Description of the task:
Leaving out the pictures, please reproduce exactly and only the lines from the one that contains "サーモン皮素揚げ Salmon Suage" through the last line below.

Raw data:
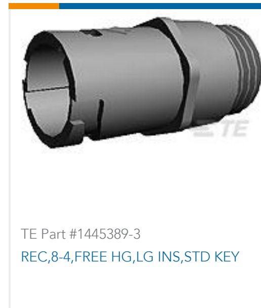
TE Part #1445389-3 REC,8-4,FREE HG,LG INS,STD KEY
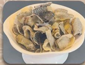
サーモン皮素揚げ Salmon Suage Fried Salmon Skin RM 12.00
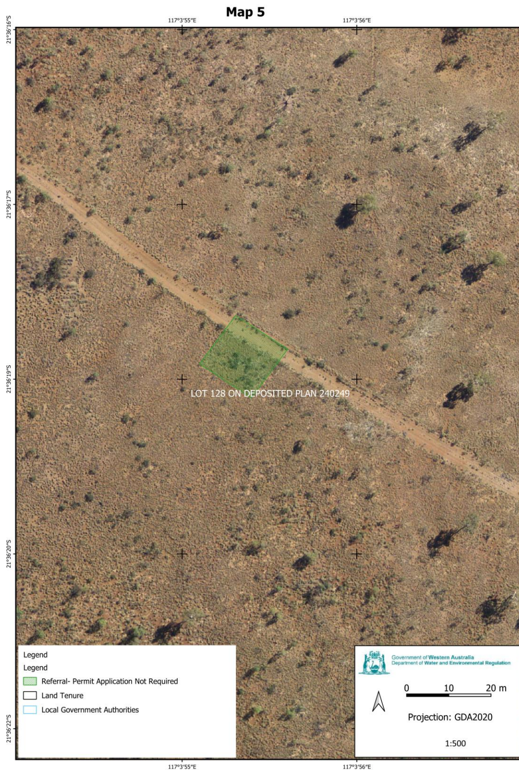
Figure 1: Maps 1-5 of the referral area within which clearing of native vegetation does not require a clearing permit.

Answer box:
サーモン皮素揚げ Salmon Suage Fried Salmon Skin RM 12.00
Figure 1: Maps 1-5 of the referral area within which clearing of native vegetation does not require a clearing permit.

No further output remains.